The Lafuma Group ended fiscal 2004 with solid sales and profit growth, and a large improvement to the company’s debt-to-equity ratio. Fiscal year sales increased 2.0% to €179.9 million ($219.0 mm) compared to €176.4 million ($191.2 mm). Net profit outpaced sales with a 6.9% increase to €8.1 million ($9.9 mm) versus €7.6 million last year.

Lafuma’s operating profit margin fell 90 basis points to 8.2% of sales, or €14.8 million ($18.0 mm) compared to fiscal 2003 when the company posted a 9% operating margin at €15.9 million ($17.3 mm).

Lafuma’s alpine brand, Millet, led the way in profitability with a 90 basis point improvement in its operating margin to 11.4% of sales. This was offset by the Lafuma brand’s operating margin, which fell 30 basis points to 8.2% of sales and the Le Chameau brand’s operating margin, which fell 280 basis points to 6.9% of sales.

LaFuma overcame a drop-off in its key French market with a 15.2% increase in footwear sales, a 20% increase in sales in the Asian region and the contribution of the recently acquired ‘Ober’ brand. The French decline was primarily due to a leading retailer’s move to more private label. Management also said that the brand experienced a decline in German business, but this was “in line with the market.”

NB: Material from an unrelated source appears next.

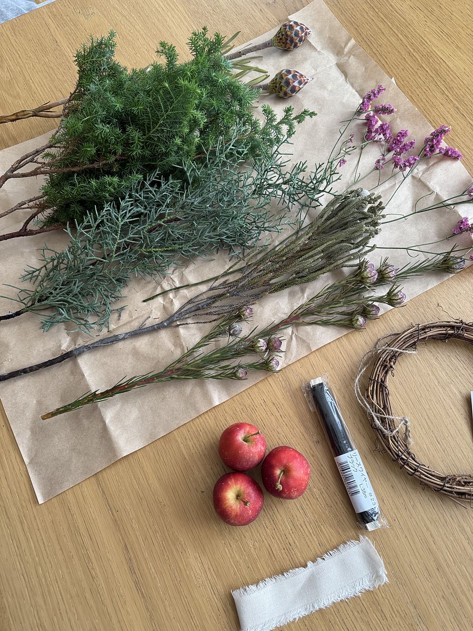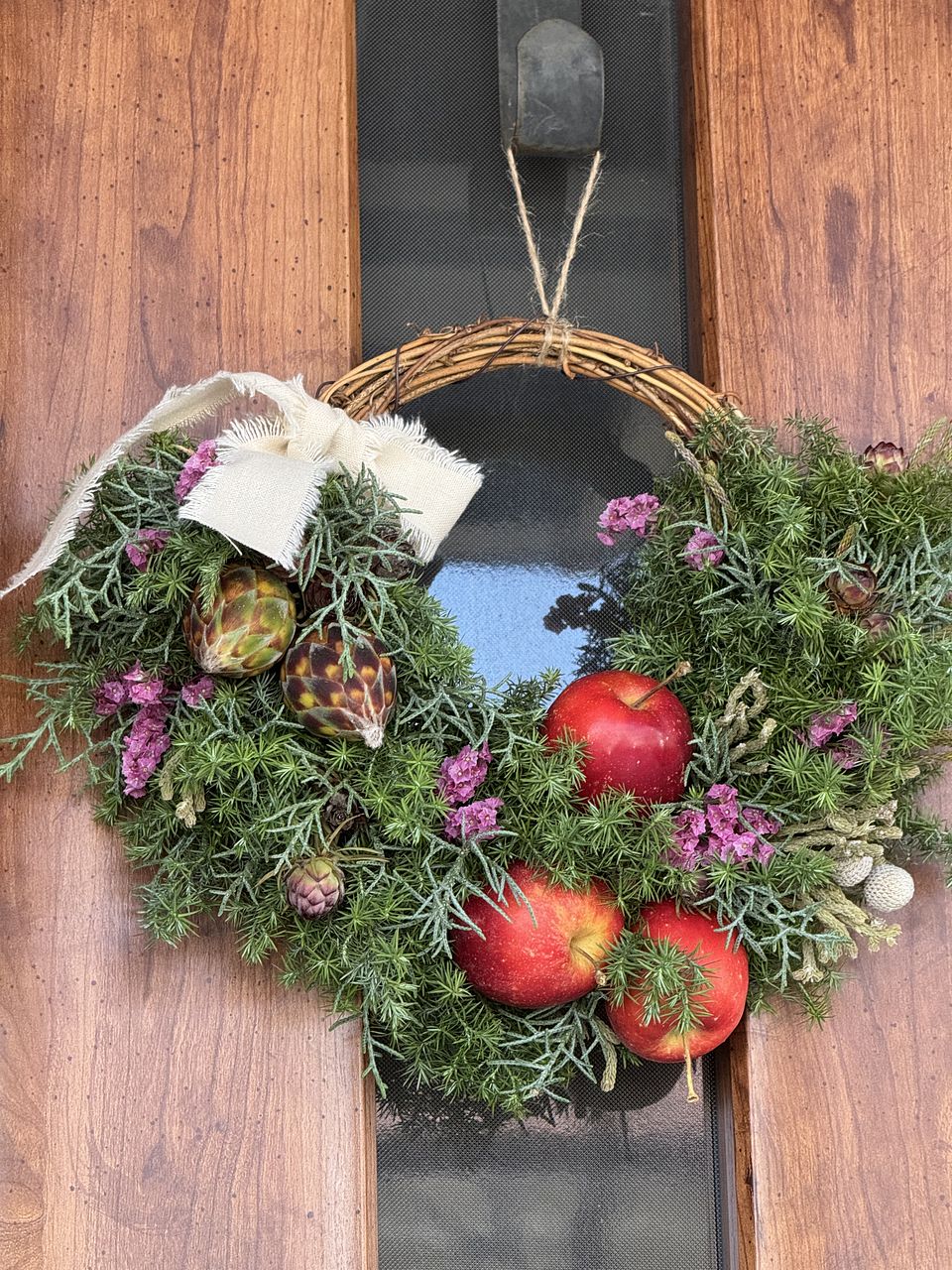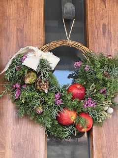 冬の森に実るりんごと、香り豊かなグリーンを合わせたナチュラルリースに仕上がりました☺️
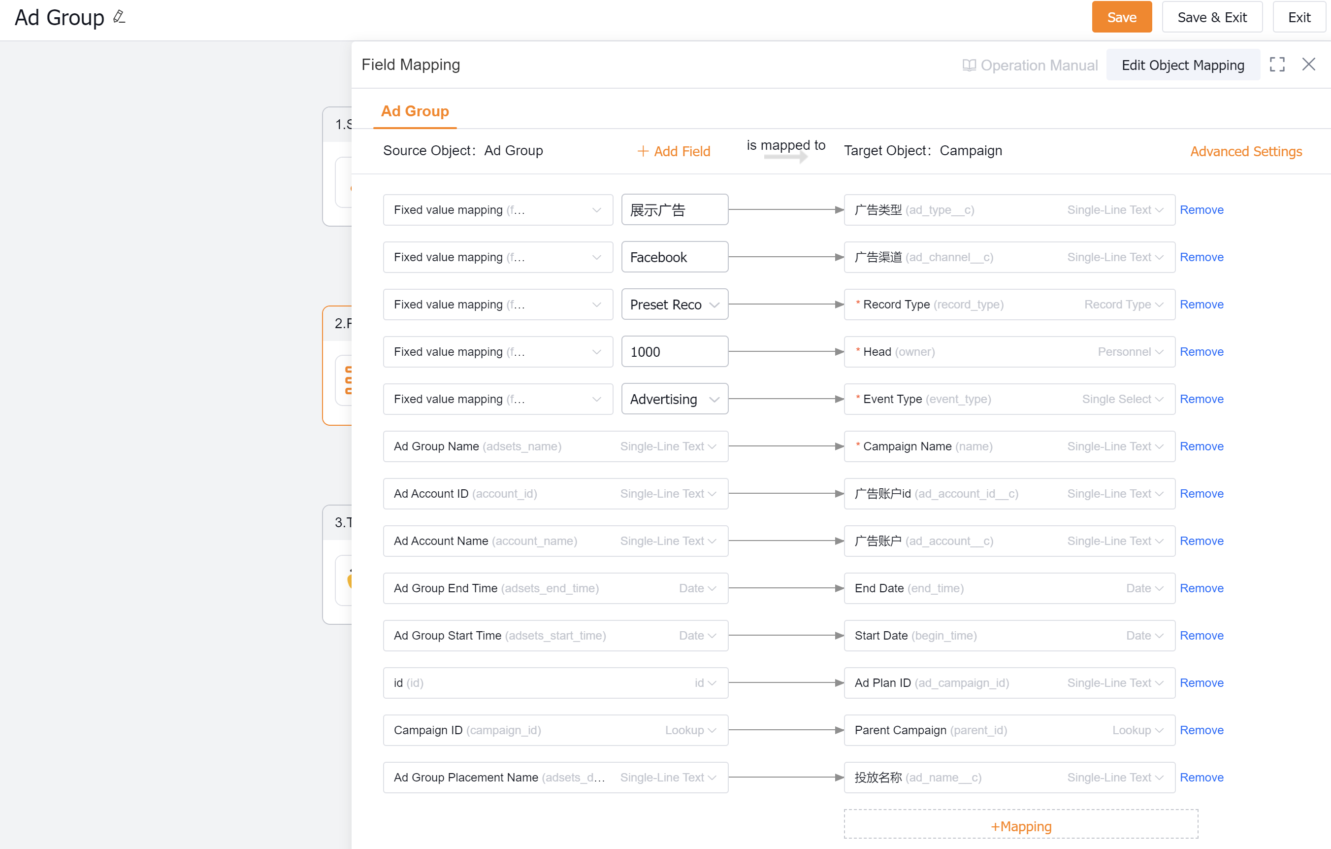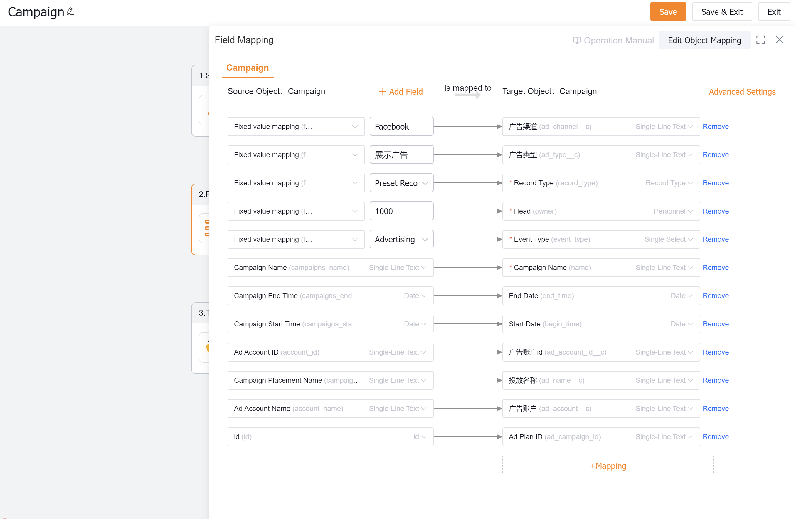 配置完成字段后,点击 Save & Exit 退出,并启用集成流做数据同步:

The company’s Le Chameau brand saw a 3.2% decline in sales due to “internal factors that have already been corrected,” a slow-down in international growth, and adverse weather conditions. The company’s Millet brand experienced 14.5% sales growth.

International sales are now considered to be LaFuma’s primary source of growth because of stronger organizations in Asia, Europe, and North America. Lafuma management said that International growth this year was at 6.5%, exceeding market growth in all regions.

Fiscal 2005 is again expected to show solid sales and profitability growth across all three brands, according to company guidance. The Lafuma brand is expected to continue its expansion into the footwear category and international growth, while Millet and Le Chameau are expected to show sales growth “across all product families and in all major countries served.”

Profitability increases are expected to be driven by Lafuma’s international subsidiaries and Le Chameau. The Group also said that it will “initiate a new phase of growth by acquisition, supported by organic growth and the strength of its fundamentals.”

With the company’s debt to equity ratio improving to 43% compared to 67% last year, funding acquisition opportunities should not be a problem.